I find my teammates, each one glowing a faint green, indicating that they’re all online.

Asher is the first to answer. “Ems,” he says, his voice sounding like a whisper. An instant later, he accepts my invite and appears on the bridge beside us, his avatar also clad in the same black armor.

Relief floods through me at the sight of him. Even though I know neither of us can feel it, I rush forward and throw my arms around him. He startles at my rapid movement, then laughs once and holds me at arm’s length.

“Hey, Captain,” I greet him.

He shakes his head at me. “Always my wild card,” he replies with a grin.

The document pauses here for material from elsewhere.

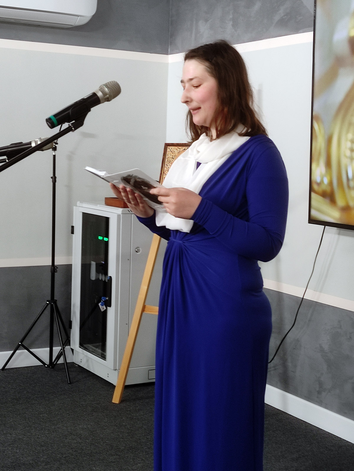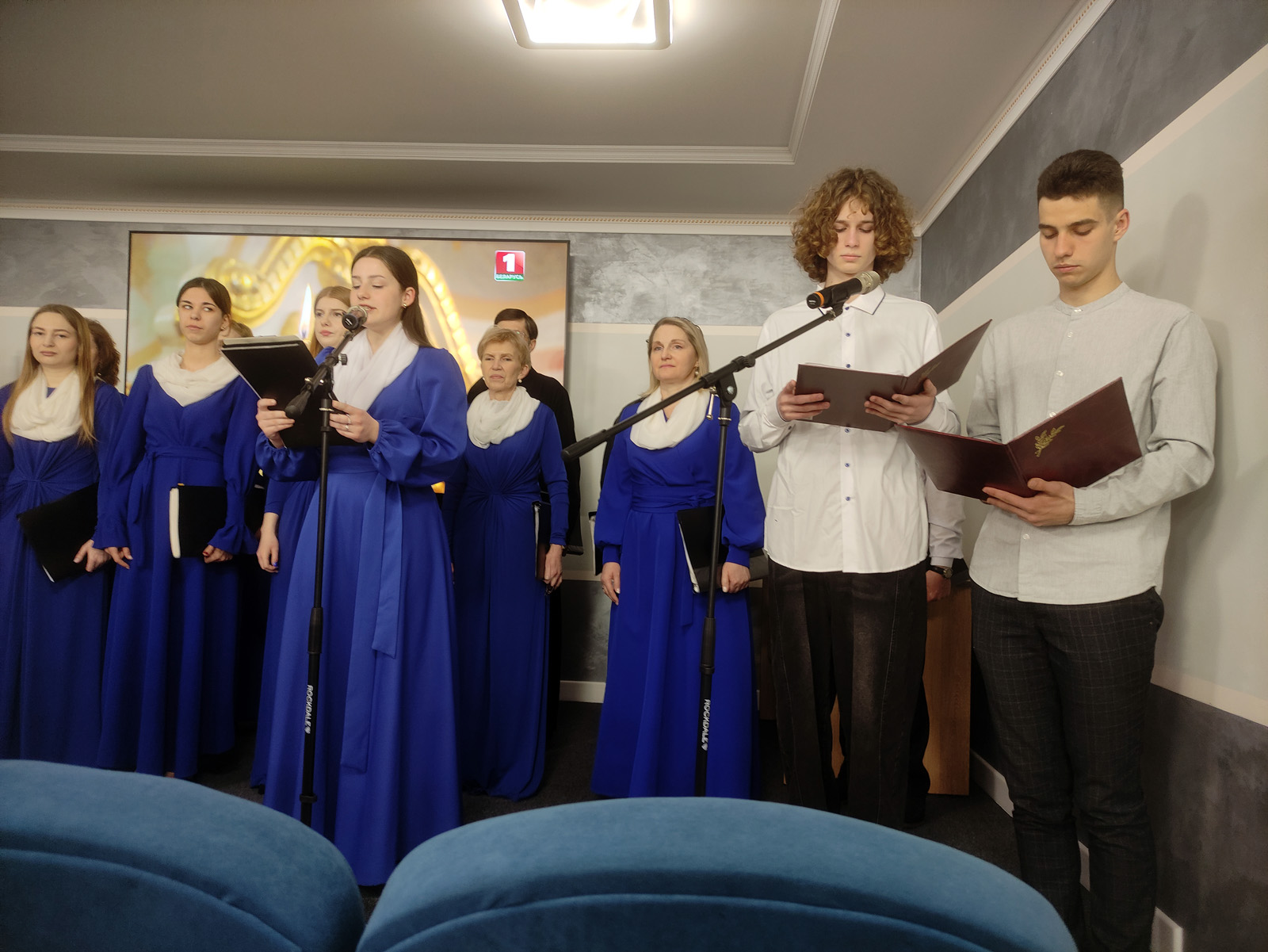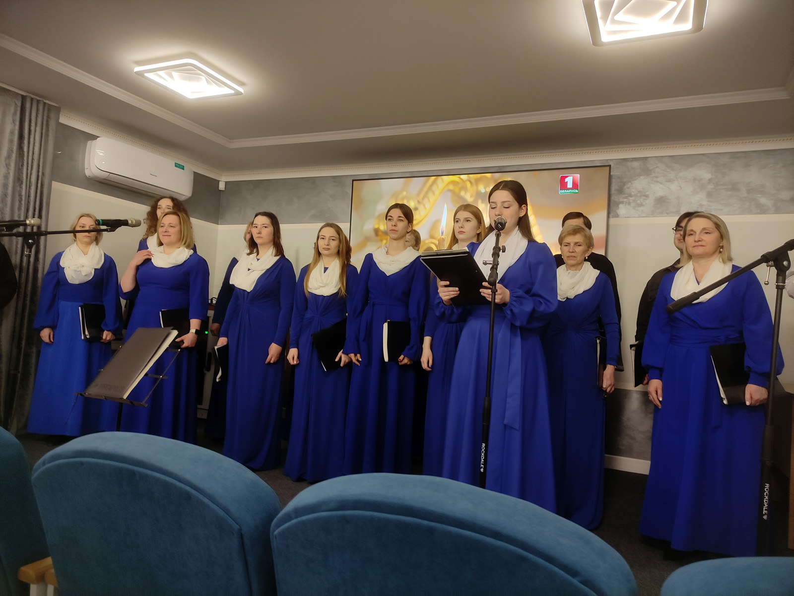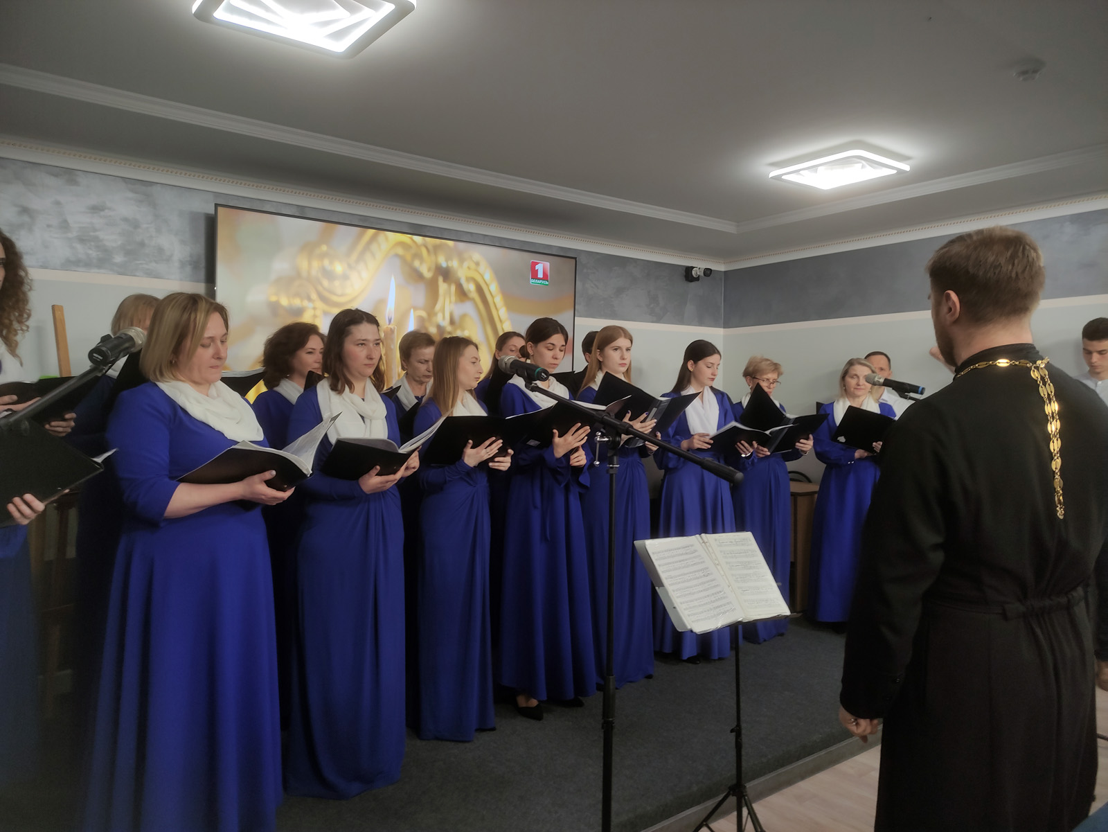 Музыкальное сопровождение вечера было доверено народному камерному хору «Преображение» под руководством иерея Сергия Прокопчика. Их проникновенные песнопения наполнили зал атмосферой духовного возвышения, создавая неповторимое ощущение единения и молитвы.

Soon, Hammie connects, too, followed by Roshan. In spite of everything, they’re all here. I greet each of them in turn, while they exchange tense nods with Hideo.

Asher glances down in unease at his armor and takes in the moving, shifting city all around us. “What the hell is this place?” he whispers.

“The inside of Zero’s mind,” I reply. “We have to find Sasuke, so I can give him this.” I bring up the files that Jax had given me, the memories and iterations of him from the library.

Hammie’s eyes meet Hideo’s for a moment, warily, before settling on me. “The arena,” she says urgently. “Everything just stopped—and when we came to, you guys were gone. Everyone in there looks like they’ve been possessed by a spirit. I guess that’s technically true, isn’t it?”

Hideo exchanges a look with me. I hadn’t even had time to spare a thought for how people outside of the institute might be reacting to Zero’s control.

“The entire Tokyo Dome is just a sea of silent people,” Roshan adds. His lips are tight with fear, and I wonder if he’s thinking of Tremaine, trapped under Zero’s control as he idles in his hospital bed. No nurses will be taking care of him if they’re just frozen in place. “We fled the arena and made it back to Asher’s place, but as we went, we saw subways full of people with blank stares. Roads filled with people standing outside their cars, moving like machines.” He shudders at the memory. “We saw an old man in the street who looked like he wasn’t affected by the lenses. Maybe someone whose beta lenses didn’t get patched, or the odd person who didn’t use the NeuroLink. Zero must have ordered the others around him to get him. I saw him mobbed by a swarm of people.”

A chill rushes through me at the image. “Then we don’t have much time,” I answer. “This hack is the only thing protecting us from Zero’s mind, but that doesn’t mean he won’t have other ways to get past it to us. There aren’t going to be any rules to this, and no one’s going to call a foul. We only get one shot to play the game of our lives.”